_What needs to be done_
Please repeat exactly the lines below from the one containing "Figure 6 shows" down to the one containing "そんなMr.PINGをモチー", both included, and nothing else.

_Supplied material_

====

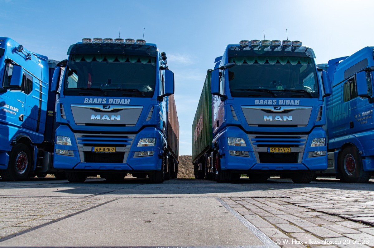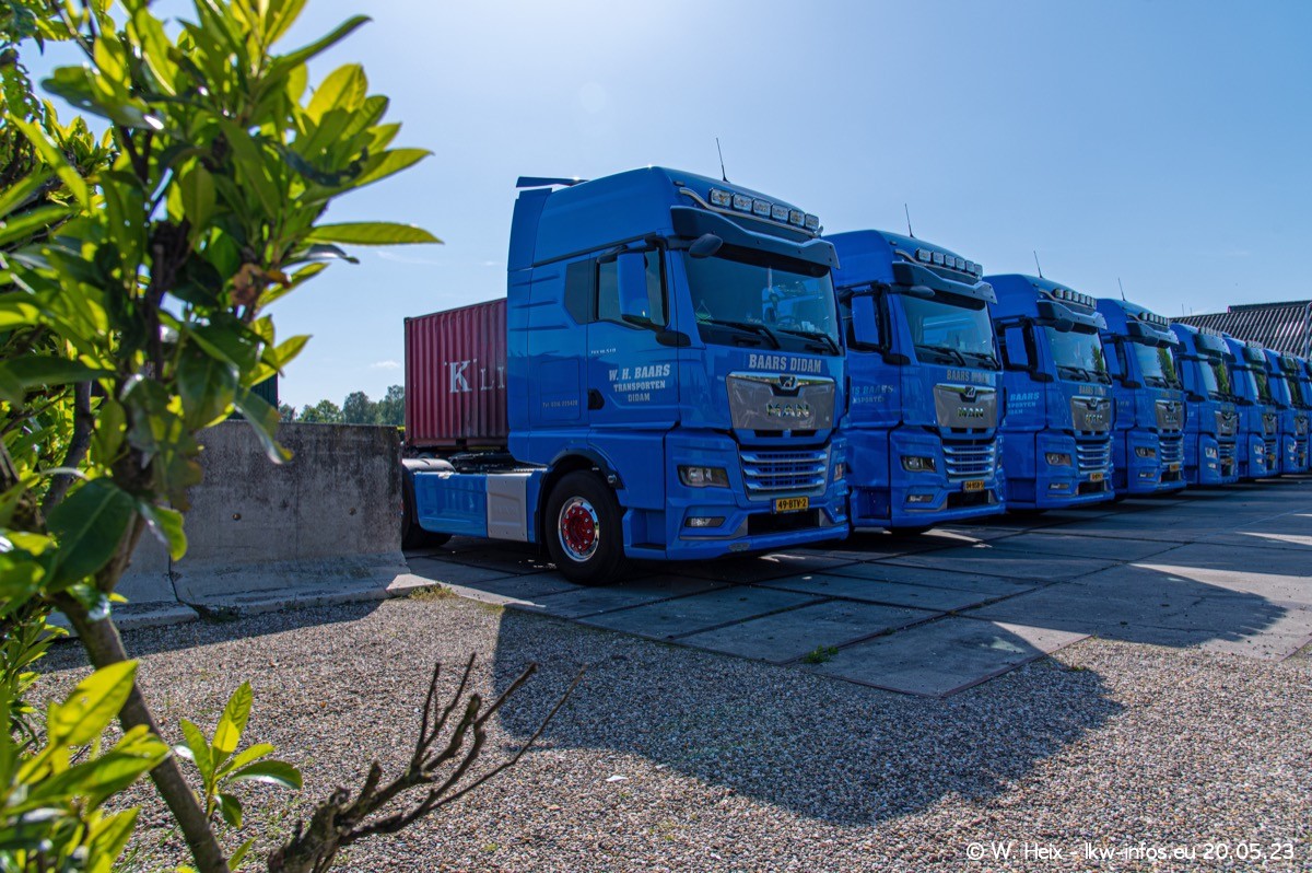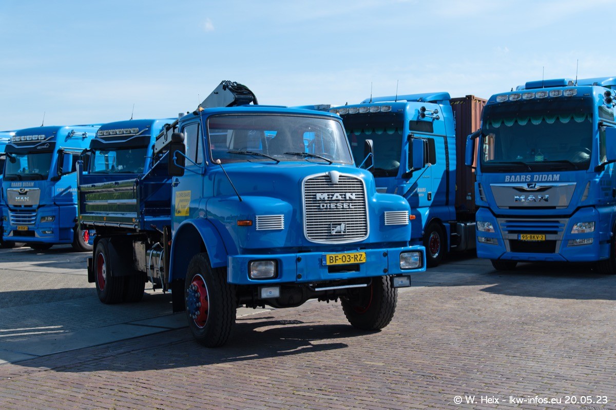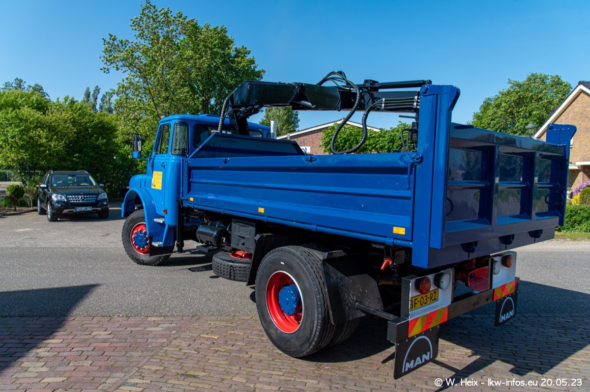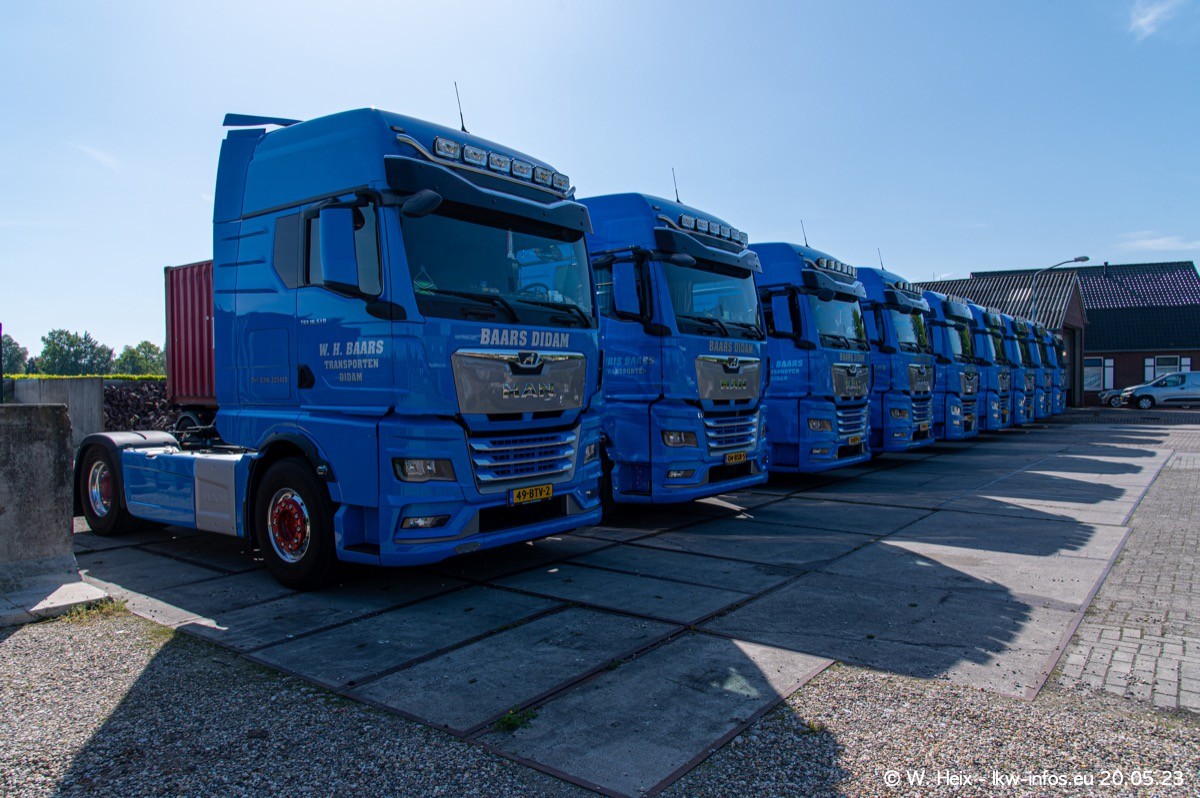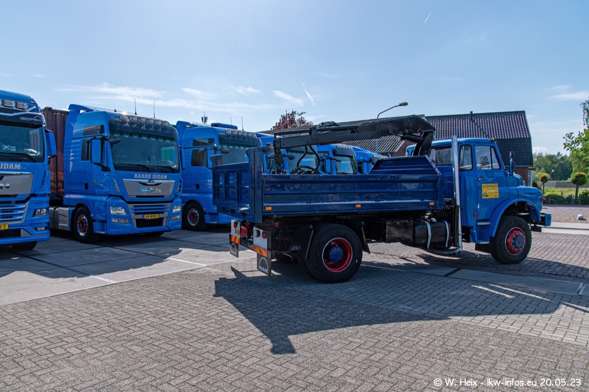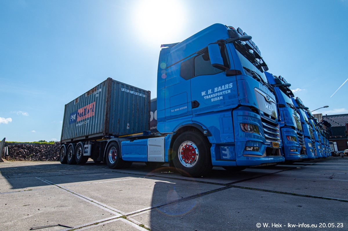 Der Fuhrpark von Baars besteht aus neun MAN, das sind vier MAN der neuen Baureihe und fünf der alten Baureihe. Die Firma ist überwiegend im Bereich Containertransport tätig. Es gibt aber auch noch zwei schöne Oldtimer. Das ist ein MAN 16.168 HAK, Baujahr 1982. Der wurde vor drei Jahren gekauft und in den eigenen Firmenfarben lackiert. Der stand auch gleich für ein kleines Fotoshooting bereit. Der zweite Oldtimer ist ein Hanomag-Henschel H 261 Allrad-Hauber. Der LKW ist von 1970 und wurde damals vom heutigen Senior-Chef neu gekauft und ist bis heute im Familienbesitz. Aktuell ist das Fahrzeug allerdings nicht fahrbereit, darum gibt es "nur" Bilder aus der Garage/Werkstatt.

====

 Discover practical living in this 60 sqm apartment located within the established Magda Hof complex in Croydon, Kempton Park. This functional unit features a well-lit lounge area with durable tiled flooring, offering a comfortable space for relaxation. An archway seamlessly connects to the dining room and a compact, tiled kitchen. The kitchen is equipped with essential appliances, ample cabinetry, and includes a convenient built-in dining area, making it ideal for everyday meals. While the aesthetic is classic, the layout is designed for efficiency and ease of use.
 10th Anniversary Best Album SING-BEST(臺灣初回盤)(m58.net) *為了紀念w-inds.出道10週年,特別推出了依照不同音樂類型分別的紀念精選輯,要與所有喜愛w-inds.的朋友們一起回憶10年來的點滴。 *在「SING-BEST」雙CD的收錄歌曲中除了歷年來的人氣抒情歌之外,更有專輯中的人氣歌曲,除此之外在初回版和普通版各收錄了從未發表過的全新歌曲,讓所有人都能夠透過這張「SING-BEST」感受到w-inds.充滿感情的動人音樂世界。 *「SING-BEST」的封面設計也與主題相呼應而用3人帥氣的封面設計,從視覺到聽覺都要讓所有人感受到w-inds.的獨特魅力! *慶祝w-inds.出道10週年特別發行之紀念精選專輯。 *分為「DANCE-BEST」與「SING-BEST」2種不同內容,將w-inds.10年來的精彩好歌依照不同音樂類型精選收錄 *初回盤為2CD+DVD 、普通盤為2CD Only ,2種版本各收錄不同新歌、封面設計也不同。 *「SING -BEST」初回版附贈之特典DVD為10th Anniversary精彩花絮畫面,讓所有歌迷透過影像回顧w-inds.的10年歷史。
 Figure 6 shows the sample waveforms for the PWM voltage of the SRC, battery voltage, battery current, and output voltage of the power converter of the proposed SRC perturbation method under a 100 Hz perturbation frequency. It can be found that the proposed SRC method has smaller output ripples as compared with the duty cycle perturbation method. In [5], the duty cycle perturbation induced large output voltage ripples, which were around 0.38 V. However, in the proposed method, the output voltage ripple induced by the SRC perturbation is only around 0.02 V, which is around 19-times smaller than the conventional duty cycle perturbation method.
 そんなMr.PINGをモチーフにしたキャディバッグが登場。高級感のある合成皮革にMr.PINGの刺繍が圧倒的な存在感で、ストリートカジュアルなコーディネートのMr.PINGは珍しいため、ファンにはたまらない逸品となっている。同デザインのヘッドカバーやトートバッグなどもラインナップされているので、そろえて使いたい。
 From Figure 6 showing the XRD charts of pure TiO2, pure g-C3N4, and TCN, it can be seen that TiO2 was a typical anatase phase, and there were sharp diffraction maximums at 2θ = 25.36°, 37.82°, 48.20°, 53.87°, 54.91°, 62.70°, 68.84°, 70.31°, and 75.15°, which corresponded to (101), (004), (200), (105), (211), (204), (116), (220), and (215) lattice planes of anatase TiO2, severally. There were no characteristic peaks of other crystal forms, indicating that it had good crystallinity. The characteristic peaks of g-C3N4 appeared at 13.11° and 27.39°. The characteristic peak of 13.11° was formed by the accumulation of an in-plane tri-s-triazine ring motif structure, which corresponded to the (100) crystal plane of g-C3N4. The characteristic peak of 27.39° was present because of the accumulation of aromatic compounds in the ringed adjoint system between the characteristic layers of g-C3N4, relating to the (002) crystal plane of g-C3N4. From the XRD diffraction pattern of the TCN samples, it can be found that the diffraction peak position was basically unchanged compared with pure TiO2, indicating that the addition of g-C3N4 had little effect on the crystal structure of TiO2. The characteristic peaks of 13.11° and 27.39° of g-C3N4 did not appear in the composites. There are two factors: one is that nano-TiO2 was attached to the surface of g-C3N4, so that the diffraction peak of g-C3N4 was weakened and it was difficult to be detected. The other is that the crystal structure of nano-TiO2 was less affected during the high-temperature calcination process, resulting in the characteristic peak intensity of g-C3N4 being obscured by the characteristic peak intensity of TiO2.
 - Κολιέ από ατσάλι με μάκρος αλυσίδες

====

_Reply to the exercise_
 Figure 6 shows the sample waveforms for the PWM voltage of the SRC, battery voltage, battery current, and output voltage of the power converter of the proposed SRC perturbation method under a 100 Hz perturbation frequency. It can be found that the proposed SRC method has smaller output ripples as compared with the duty cycle perturbation method. In [5], the duty cycle perturbation induced large output voltage ripples, which were around 0.38 V. However, in the proposed method, the output voltage ripple induced by the SRC perturbation is only around 0.02 V, which is around 19-times smaller than the conventional duty cycle perturbation method.
 そんなMr.PINGをモチーフにしたキャディバッグが登場。高級感のある合成皮革にMr.PINGの刺繍が圧倒的な存在感で、ストリートカジュアルなコーディネートのMr.PINGは珍しいため、ファンにはたまらない逸品となっている。同デザインのヘッドカバーやトートバッグなどもラインナップされているので、そろえて使いたい。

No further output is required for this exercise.